While they pounded out the conceptual logistics of the Pioneer Workshop, Schulte and Naumann sought advice and affirmation from a network of business leaders, government officials, educators, colleagues, and friends. Like most risky ventures, the Pioneer Workshop relied heavily on a close circle of confidantes who encouraged Schulte and Naumann to move forward with their change effort for the sake of the German educational system. Others gradually rallied around the new learning platform as the idea materialized.
Although fundraising efforts started in August, and still have a long way to go, the two-man team is fiercely optimistic about securing all necessary funds in time. Schulte and Naumann hope to secure funding from the European Union through a new campaign designed to foster an entrepreneurial spirit in European countries by funding initiatives under an umbrella budget of about $1.5 billion. Schulte has roughly budgeted $2 million for the next three years, and is resolute about securing those funds before the Pioneer Workshop opens its doors next fall. If they cannot acquire $2 million, Schulte and Naumann say they will postpone the program’s official start date.

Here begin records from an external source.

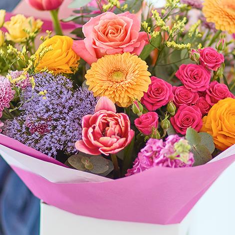 A bouquet of fresh, vividly coloured flowers expertly arranged by a local florist.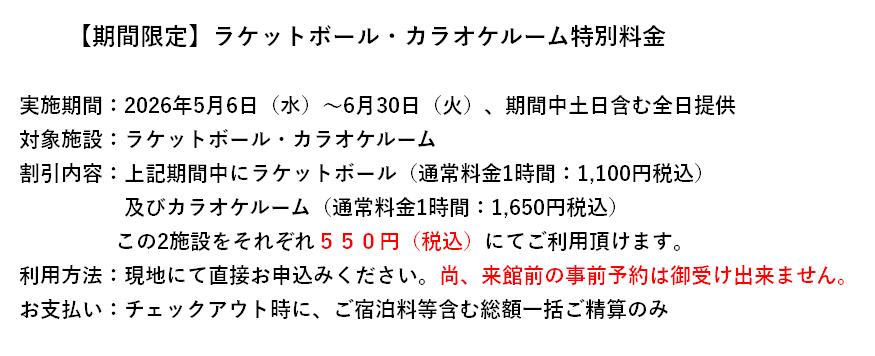 【期間限定】ラケットボール・カラオケ特別料金のご案内 new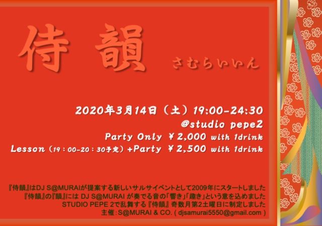 DJ S@MURAIです 新型コロナウイルス感染症のリスクに鑑み、 3/14開催の『侍韻』を中止することと致します。 皆様にはご迷惑をおかけしますが、 ご理解の程よろしくお願い致します。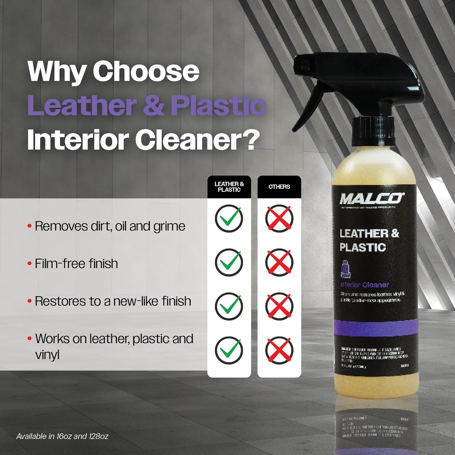 Malco Leather & Plastic Cleaner – Penetrates Deep to Remove Dirt, Grime and Oily Soils/Restores Leather, Plastic and Vinyl/Leaves Surfaces Clean, Shiny and Film-Free / 16 Oz. (100116)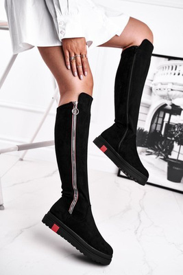 Damskie Kozaki Do Kolana Zamszowe Czarne Twins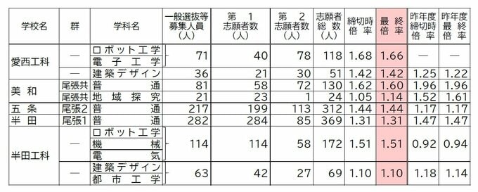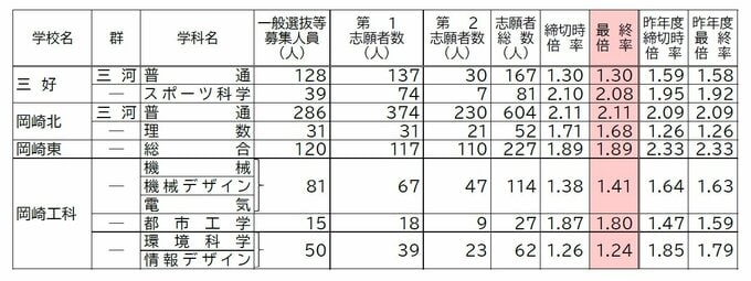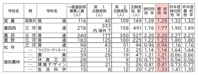 【確定版】愛知県公立高校入試2026 志願倍率 全日制課程・一般選抜など〈普通科〉旭丘1.51倍 明和1.74倍 一宮1.44倍 岡崎1.23倍 千種2.39倍 令和8年度の出願状況(全校掲載・一覧) CBCテレビ 2026年2月17日(火) 19:50 国内 Bグループ 津島東、半田、豊田西など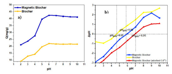 pH is one of the significant parameters that influence the adsorption capacity. The adsorption capacity might be influenced by pH in different aspects: concentration of metal ions or electrical surface charge on the adsorption [87,88]. The range of pH was between 2.0–10 to study the influence of pH on adsorption capacity, while the other parameters were kept constant. Figure 12a shows the effect of the solution pH on the adsorption of Cd2+ on the magnetic biochar and the biochar. The trend indicated that the adsorption capacity for both adsorbents increases as pH increased to 6, then it slightly decreased. The adsorption capacity of magnetic biochar and biochar was 9.65 mg g−1 and 21.1 mg g−1, respectively, at pH 2.0, and later reached the maximum value of 43.92 mg g−1 and 22 mg g−1, respectively, at pH value 6.0. The high adsorption capacity of adsorbents on cadmium ions occurred around pH ranging from 5.5 to 6.0. This happened because the surface of biochar becomes saturated with hydrogen ions at lower pH levels, and this saturation prevents the removal of cadmium ions owing to the mutual repulsion between cadmium and hydrogen ions [89,90]. Above pH 6.0, cadmium precipitation usually occurs. This is because insoluble cadmium hydroxides such as Cd (OH)2 and Cd (OH)3- begin to precipitate out of solution at higher pH values. This must be avoided to discriminate between sorption and precipitation [90].

Critics and change resisters in Germany’s traditional economy represent the most formative obstacle wedged against Pioneer Workshop and its funding. And the toughest foe remains the theoretical and scientific slant of German education. Because academia favors hard science, the majority of educational funding is piped into that curriculum. But Schulte and Nauman say actions speak louder than theories — and their ability to secure funding from the private sector and recruit an inaugural class will forecast the future success of the Pioneer Workshop.
In some ways, recruiting 30 students by October next year signifies an even bigger hurdle than fundraising. Germans aren’t inclined to take risks, Schulte says, yet the pioneer program cannot thrive without gamblers. Grooming young people to take risks starts with self-confidence, a basic foundation that most German students severely lack because of the “storehouse knowledge” approach to education, Naumann says. He claims that storehouse knowledge stifles not only personal growth but individual vision as well. And, more importantly, he aims to change a thing or two.
“We want people to realize their potential and broaden their sense of possibility,” Naumann says. “When you have the chance to meet your borderlines, then move beyond them, you’re much more aware and confident about what you can and cannot do. Only then can you really determine personal risk.”